Brand new 2021 3039R tractor/loader. I put 40 hours on it and it threw intake manifold pressure code. Had dealer pick it up and check out. It was returned to me with new fuel sending unit and installed "parts missing from factory". After I looked up part numbers on invoice I found out suction line from air box to turbo was missing. So my 40 hours on tractor was used for moving 100 tons of dirt and tilling 1 acre field. I had to fight with JD and dealer to pick back up and borescope engine. 2 out of 3 cylinders were fine. The third one closest to turbo had half the cross hatching was missing and cylinder had vertical lines in it. After more fighting with JD, since it was their fault parts were missing from factory, they agreed to install new engine and turbo. Should I have tried to get new tractor or just let them put new engine in? Only 40 hours on tractor. It has been a real fight to get JD to do anything about their mistake. Anybody have any suggestions?


----------



## BigT (Sep 15, 2014)

Good morning amorg, welcome to the forum.
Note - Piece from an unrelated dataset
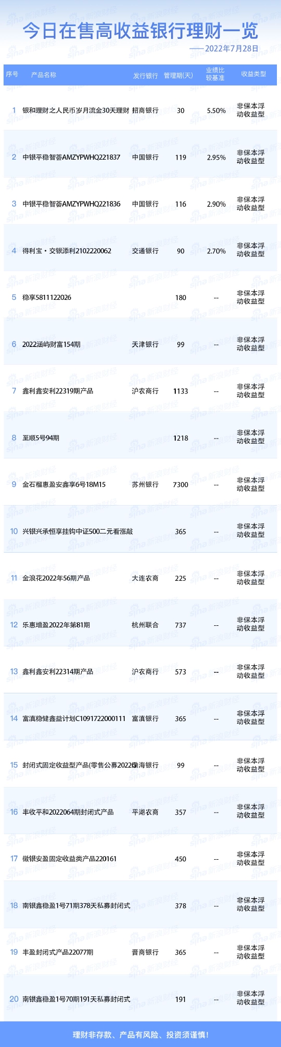 •   新浪财经7月28日在售高收益银行理财产品一览。今日业绩比较基准在2.70%及以上的银行人民币理财产品共4款。理财非存款、产品有风险、投资须谨慎!

IMO, you do not have basis for condemning the entire tractor.


----------



## amorg (9 mo ago)

It just sucks having to tear apart brand new tractor with 40 hours on it to replace engine. JD was difficult to work with to get this done. I had to do all the leg work like it was my fault it didn't have intake piping installed. Not to mention that this is the third time that the dealer has had my tractor leaving me with nothing to use on the farm while they work on it.


----------



## ovrszd (12 mo ago)

Welcome to the forum. 

I'm guessing if you want to fight hard enough you can get the tractor replaced. It will involve months to accomplish. And you'll be without a tractor the entire time since to make your case you would have to leave it with the dealer the entire time. Will probably cost you some legal money as well.

I understand your frustration but I'd probably settle for a new engine/turbo.


----------



## SidecarFlip (Mar 25, 2021)

Good dealers will provide a loaner if you require one, but then I's say you and the dealer aren't' kissing cousins so that was probably out the window anyway.


----------